The basic story is not all that original, and it’s by the book, so you always know what is going to happen next. (Laughed-at loser does good, now everybody loves him, but his invention goes out of control…. Nothing new.) Flint Lockwood is the odd wannabe inventor-kid in an island village whose only natural resource is sardines. After inventing spray-on shoes, walking TV sets and a useless monkey translator, Flint invents this weird thing that resembles a big angry toaster oven. This invention manages to turn water into food. Flint’s contraption gets caught in the clouds and in no time it is raining cheeseburgers. Every drop of rain is a juicy medium-cooked burger, and the whole town loves it. Prosperity overcomes this town that once smelt of rotting fish! Flint can control the device to spit out any type of food, everything from jellybeans to porterhouse steaks. Warning signs of doom come when the raining food becomes weird – like chocolate covered hot dogs, for example. Danger really arrives when a category-five tornado made of spaghetti and meatballs threatens everybody! Anna Faris does the voice of Sam, a high- spirited rookie weather woman with a weakness for Jello. It is a relief to see (okay, hear her) in such a fun film after she did two mean-spirited yawn-inducing gross-out comedies (OBSERVE AND REPORT and THE HOUSE BUNNY). Eccentric writing and characters help fuel this pleasing, smart family film. Bruce Campbell is the money-hungry mayor who is overcome with greed and calories when his poor island town gains a monopoly on these belly-filling weather patterns (Check out that wacky ice cream blizzard). Mr. T is the jittery traffic cop, James Caan is Flint’s old-fashioned dad, a sardine fisherman who refuses to grasp the internet (There is amusing comic suspense in him trying to figure out e-mail.) SNL regular Andy Samberg is great as “Baby” Brent, whose stardom came and went when he was an infant, shaking a diapered butt in Coppertone styled Sardine commercials. Now he’s a loud thirty-something, still trying to grasp onto the glory years of his baby butt-shaking dance. His public appearances in a diaper are one of this film’s many comic highlights. Faris, Caan, Campbell, etc. all overshadow star Bill Hader (SUPERBAD and Saturday Night Live) who voices Flint Lockwood. (Lockwood resembles a more wacky Adrian Brody, whom I wish Flint’s voicing job went to.)
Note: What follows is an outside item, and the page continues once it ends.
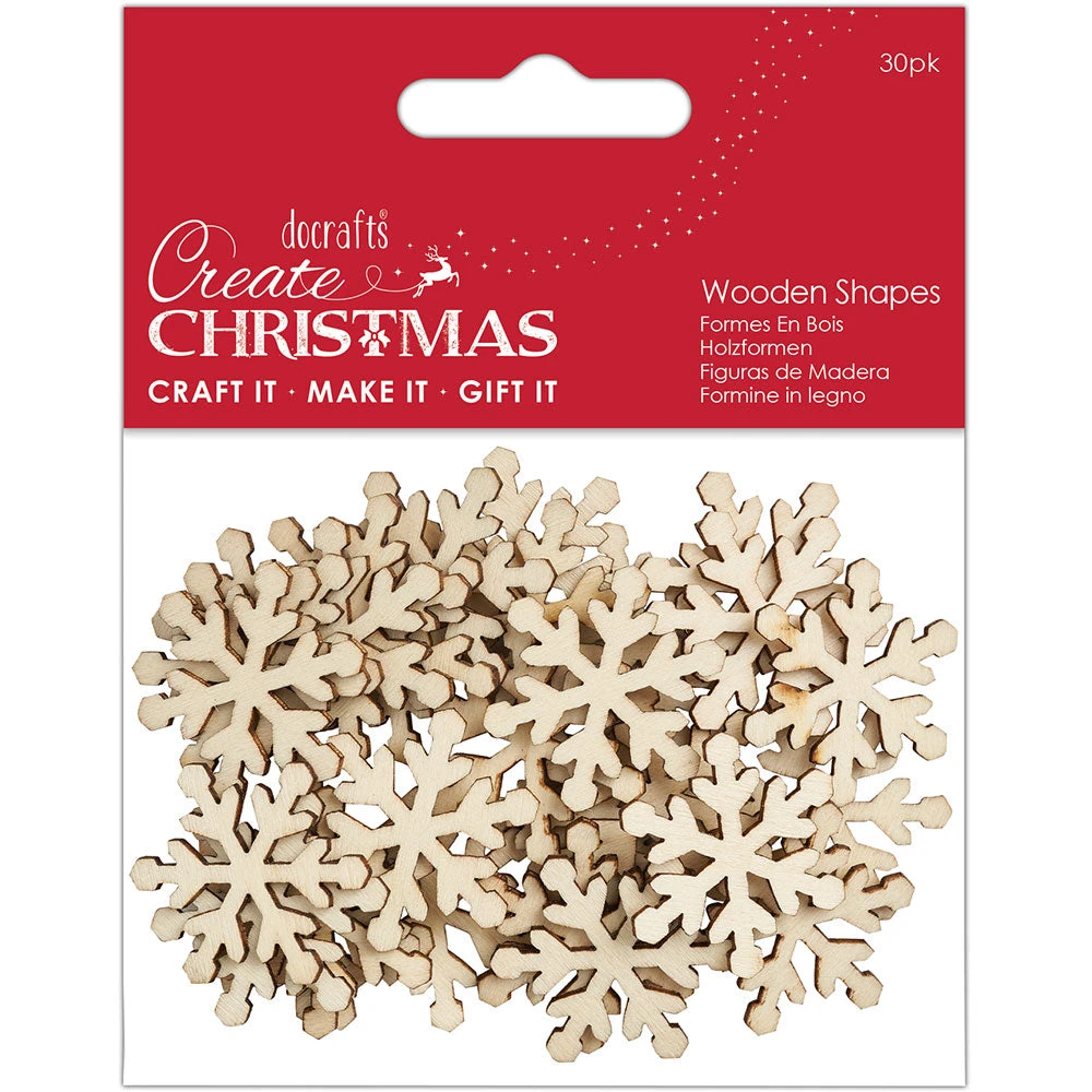 Create Christmas Wooden Shapes (30pcs) – Mini Snowflakes Natural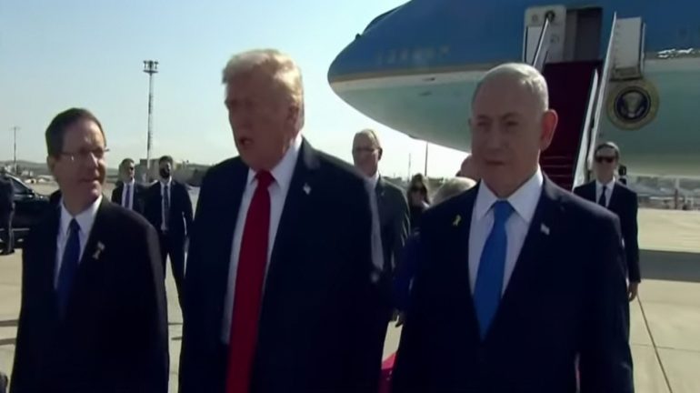 وصل الرئيس الأمريكي دونالد ترامب إلى إسرائيل اليوم الاثنين، وكان في استقباله بالمطار كل من رئيس إسرائيل إسحاق هرتسوغ ورئيس الوزراء بنيامين نتنياهو.

Very often such visual elements as the ocean around the town, out-of-control fireworks, and cascading water are the real live-action thing. The meshing of live action background elements and animated characters in the foreground recalls the hypnotic work of the great Czech animator, Karel Zeman (THE FABULOUS WORLD OF JULES VERNE). This adds a realistic layer to the fantasy – which works. Overall, this film’s eccentricities and occasional smart social satire of our food sub-culture comes off as Fellini- loose-in-the-candy-aisle!